◆ **Exercise goal**: Transcribe nothing except the lines below that run from the one with "Khăn trải bàn trang" to the one with "Doch in „Le", ends included, and do not copy any picture.

◆ **Listed entries**:
────────────────────

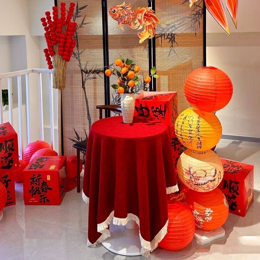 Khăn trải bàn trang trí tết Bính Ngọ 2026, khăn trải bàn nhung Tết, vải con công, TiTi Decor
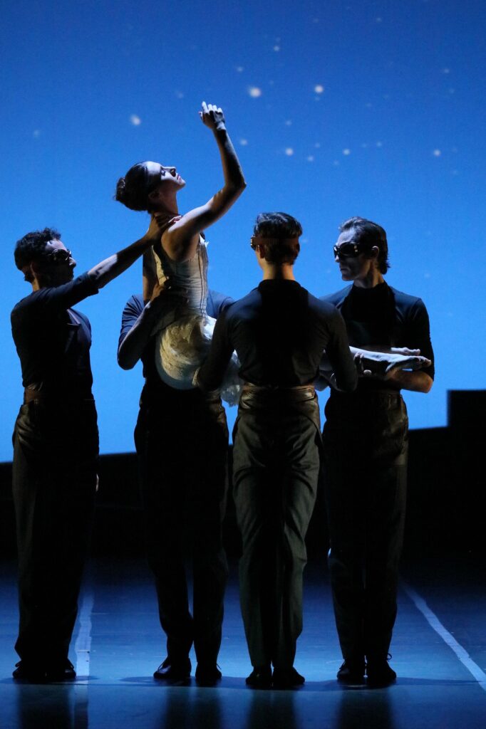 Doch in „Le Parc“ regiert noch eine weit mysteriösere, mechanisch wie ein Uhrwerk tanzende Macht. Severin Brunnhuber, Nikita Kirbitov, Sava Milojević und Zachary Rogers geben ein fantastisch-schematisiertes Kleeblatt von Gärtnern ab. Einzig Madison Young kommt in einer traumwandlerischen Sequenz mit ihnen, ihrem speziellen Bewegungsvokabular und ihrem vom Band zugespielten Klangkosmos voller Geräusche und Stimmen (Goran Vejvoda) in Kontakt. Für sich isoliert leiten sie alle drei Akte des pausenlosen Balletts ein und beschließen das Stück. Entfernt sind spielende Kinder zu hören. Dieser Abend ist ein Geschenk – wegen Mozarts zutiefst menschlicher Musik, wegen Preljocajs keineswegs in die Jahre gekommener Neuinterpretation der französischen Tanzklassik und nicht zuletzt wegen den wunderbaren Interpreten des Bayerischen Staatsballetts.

────────────────────

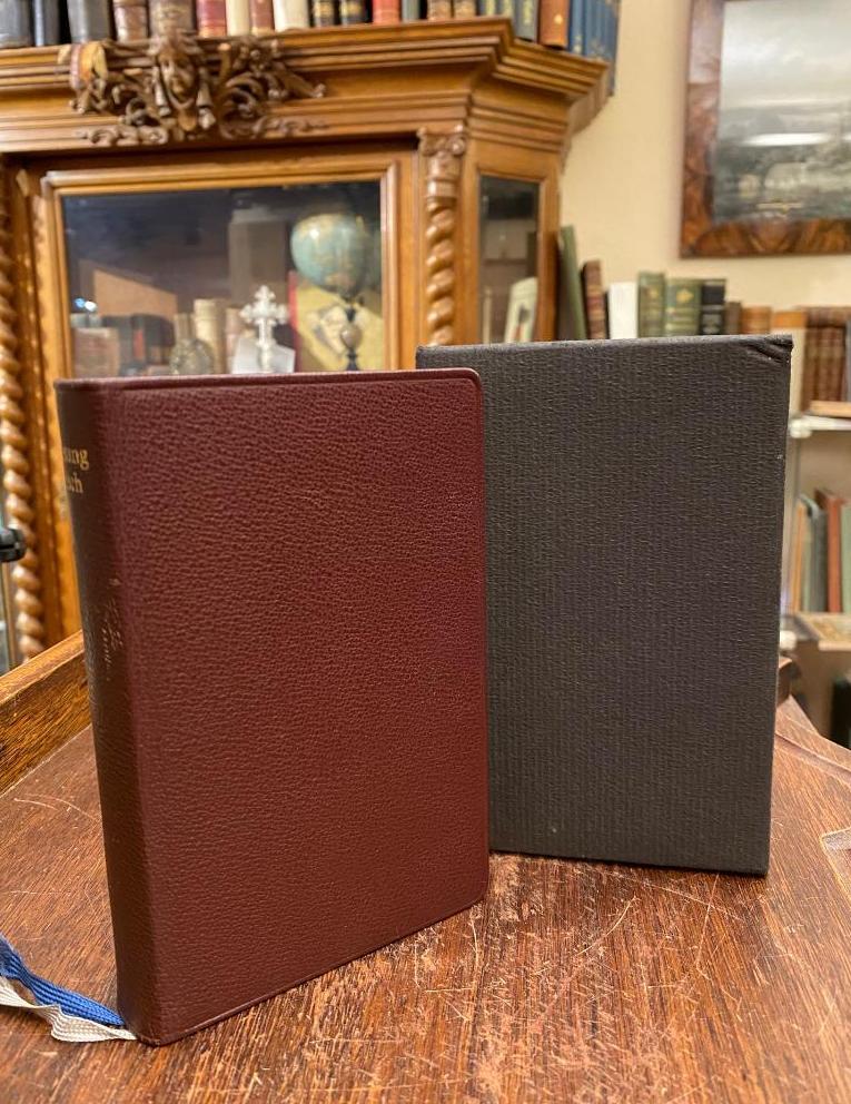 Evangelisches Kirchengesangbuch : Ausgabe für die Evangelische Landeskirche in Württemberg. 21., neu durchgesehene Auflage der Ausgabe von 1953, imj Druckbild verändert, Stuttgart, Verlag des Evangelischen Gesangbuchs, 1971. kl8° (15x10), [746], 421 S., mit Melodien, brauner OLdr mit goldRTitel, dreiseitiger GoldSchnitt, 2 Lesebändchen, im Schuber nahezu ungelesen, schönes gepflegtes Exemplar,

────────────────────

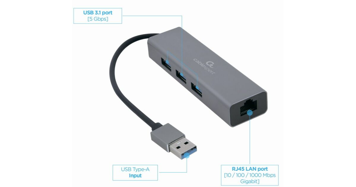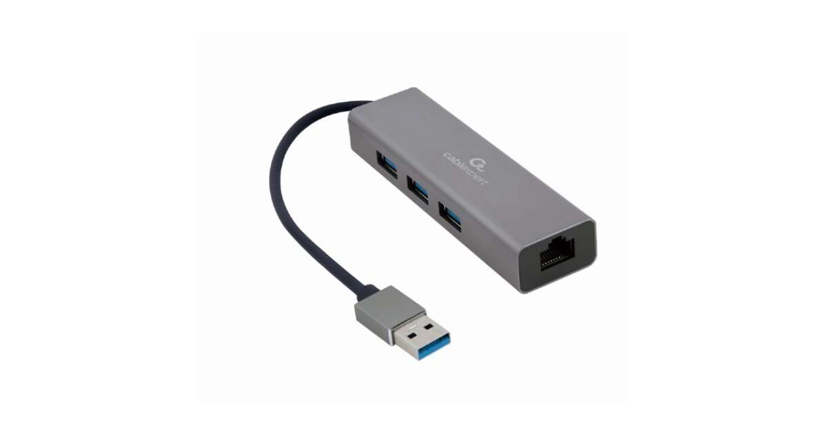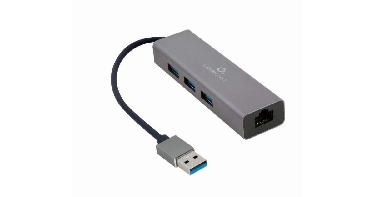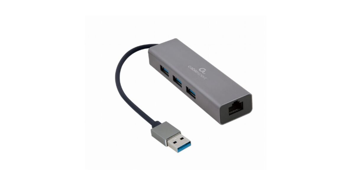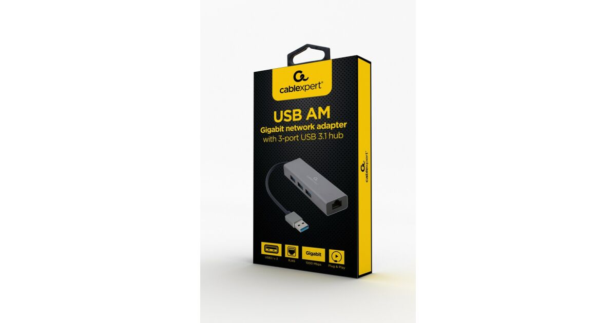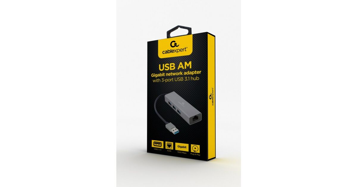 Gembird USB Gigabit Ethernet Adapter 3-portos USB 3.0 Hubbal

────────────────────

◆ **Finished exercise**:
 Khăn trải bàn trang trí tết Bính Ngọ 2026, khăn trải bàn nhung Tết, vải con công, TiTi Decor
 Doch in „Le Parc“ regiert noch eine weit mysteriösere, mechanisch wie ein Uhrwerk tanzende Macht. Severin Brunnhuber, Nikita Kirbitov, Sava Milojević und Zachary Rogers geben ein fantastisch-schematisiertes Kleeblatt von Gärtnern ab. Einzig Madison Young kommt in einer traumwandlerischen Sequenz mit ihnen, ihrem speziellen Bewegungsvokabular und ihrem vom Band zugespielten Klangkosmos voller Geräusche und Stimmen (Goran Vejvoda) in Kontakt. Für sich isoliert leiten sie alle drei Akte des pausenlosen Balletts ein und beschließen das Stück. Entfernt sind spielende Kinder zu hören. Dieser Abend ist ein Geschenk – wegen Mozarts zutiefst menschlicher Musik, wegen Preljocajs keineswegs in die Jahre gekommener Neuinterpretation der französischen Tanzklassik und nicht zuletzt wegen den wunderbaren Interpreten des Bayerischen Staatsballetts.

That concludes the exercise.